The entries that follow should be repeated exactly, with no pictures kept.

[Stored items]
· · · ·
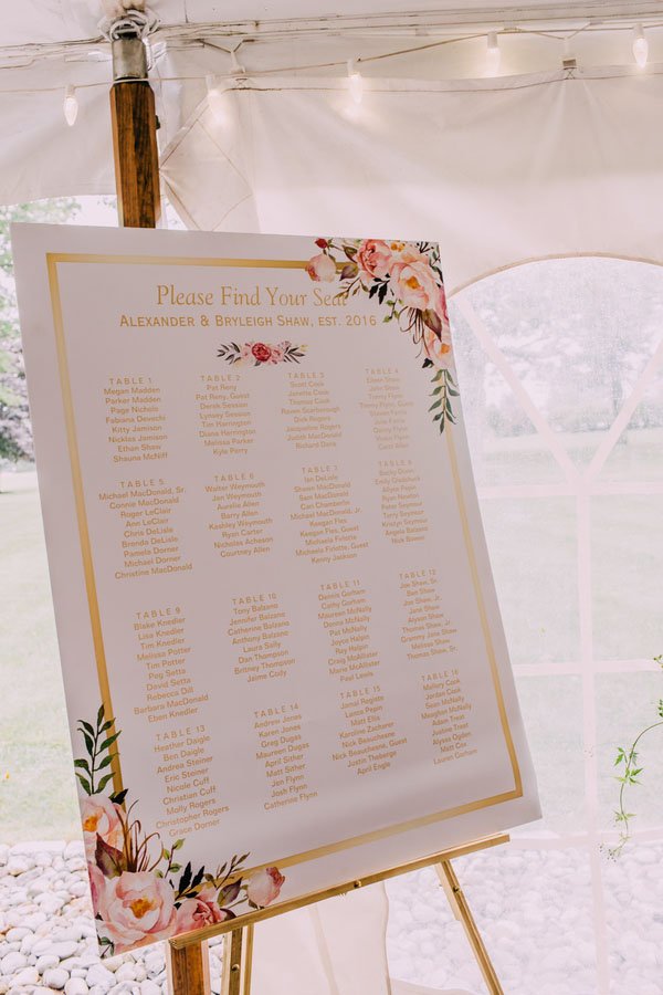 “Alex and Bryleigh decided to tie the knot on a misty, drizzly perfect day! Bryleigh paid attention to every detail small and big. They decided to do a first look which was picture perfect and wonderful for timing and weather. And as a bonus they both had matching umbrellas for the day so it made it extra sweet. They had their ceremony at the beautiful gardens at Pineland Farms. A ceremony in a beautiful garden is every photographers dream, plus the set up was slightly different than other ceremonies so it gave me the opportunity to have different angles to shoot! The night was filled with lots of beautiful decor from the talented Amy Collins of Black Tie. There were lots of speeches, yummy food and drinks by candlelight, great music and the crowd pleaser our Maine photo camper.”
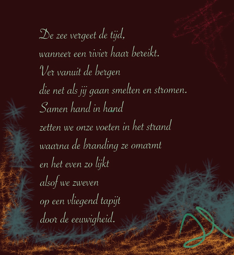 Laat het alwetende onbestemd, het geloof onzeker, geniet van het moment en drink het bittere met het zoete. Om een herinnering te kunnen duiden als een melodie gesneden uit hout varend door het onbekende
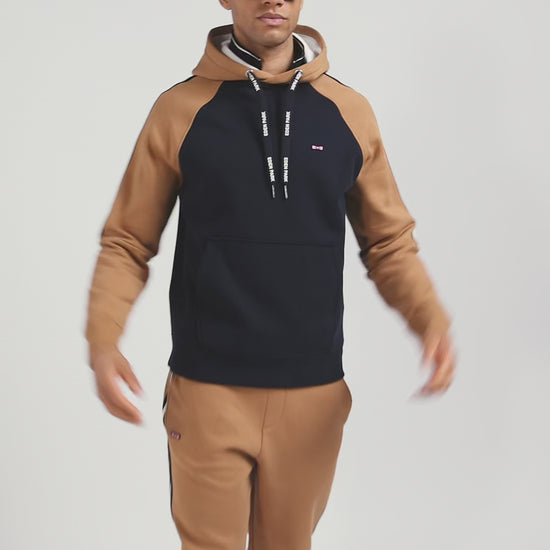 Relaxed navy blue and camel fleece hoodie with branded drawstrings
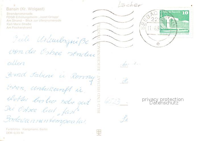73041113 alte Postkarte Bansin Ostseebad Strandpromenade FDGB Erholungsheim Josef Orlopp Strand Uferpromenade Karl Marx Platz Fischerstrand postalisch gelaufen Erhaltung siehe scans [WerneD78] KatCode: 11110013059112
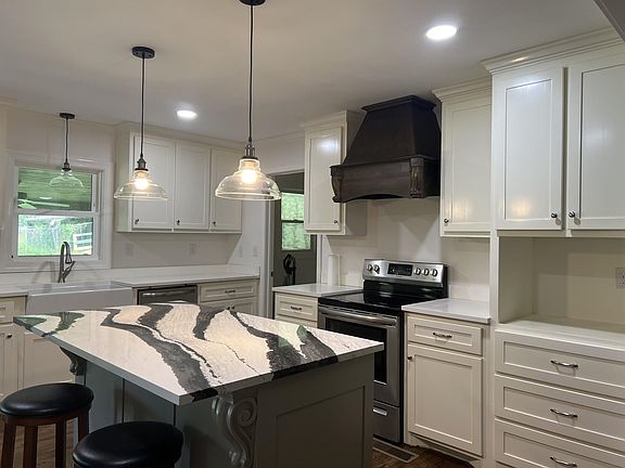 Remodeled ranch style home in a great neighborhood! Kitchen has shaker style cabinets, beautiful island, quartz and granite countertops, stainless steel appliances and a farmhouse sink. Wood burning fireplace in dining room. Original refinished hardwood and tile flooring. Partial walk-out basement. Barn for storage or animals, nice large pond on over 3 acres.
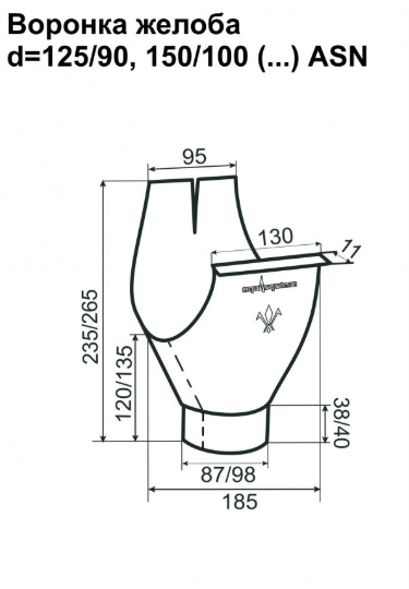 - Диаметр желоба 125 мм
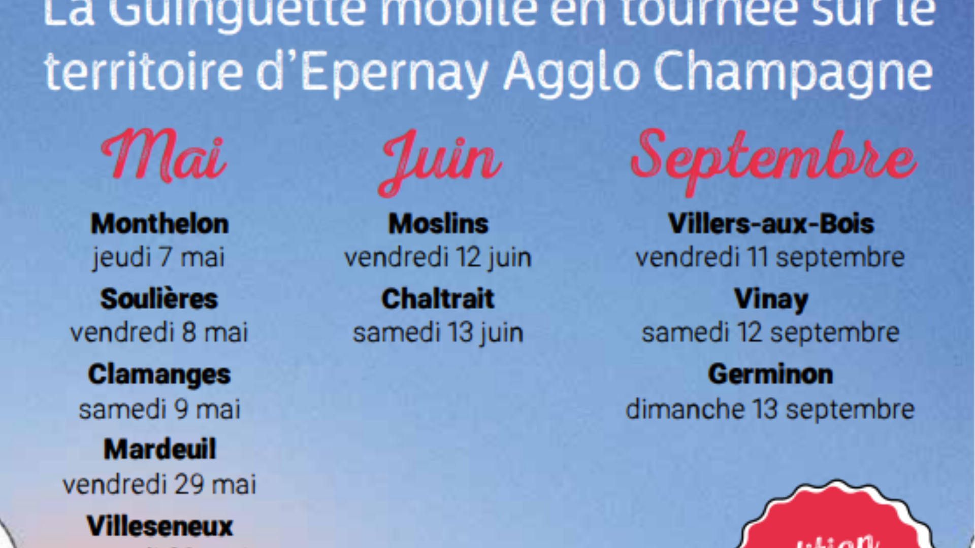 Voici la liste des 10 communes qui accueilleront la guinguette mobile en mai, juin et septembre prochains :
· · · ·
Written answer »
 “Alex and Bryleigh decided to tie the knot on a misty, drizzly perfect day! Bryleigh paid attention to every detail small and big. They decided to do a first look which was picture perfect and wonderful for timing and weather. And as a bonus they both had matching umbrellas for the day so it made it extra sweet. They had their ceremony at the beautiful gardens at Pineland Farms. A ceremony in a beautiful garden is every photographers dream, plus the set up was slightly different than other ceremonies so it gave me the opportunity to have different angles to shoot! The night was filled with lots of beautiful decor from the talented Amy Collins of Black Tie. There were lots of speeches, yummy food and drinks by candlelight, great music and the crowd pleaser our Maine photo camper.”
 Laat het alwetende onbestemd, het geloof onzeker, geniet van het moment en drink het bittere met het zoete. Om een herinnering te kunnen duiden als een melodie gesneden uit hout varend door het onbekende
 Relaxed navy blue and camel fleece hoodie with branded drawstrings
73041113 alte Postkarte Bansin Ostseebad Strandpromenade FDGB Erholungsheim Josef Orlopp Strand Uferpromenade Karl Marx Platz Fischerstrand postalisch gelaufen Erhaltung siehe scans [WerneD78] KatCode: 11110013059112
 Remodeled ranch style home in a great neighborhood! Kitchen has shaker style cabinets, beautiful island, quartz and granite countertops, stainless steel appliances and a farmhouse sink. Wood burning fireplace in dining room. Original refinished hardwood and tile flooring. Partial walk-out basement. Barn for storage or animals, nice large pond on over 3 acres.
 - Диаметр желоба 125 мм
 Voici la liste des 10 communes qui accueilleront la guinguette mobile en mai, juin et septembre prochains :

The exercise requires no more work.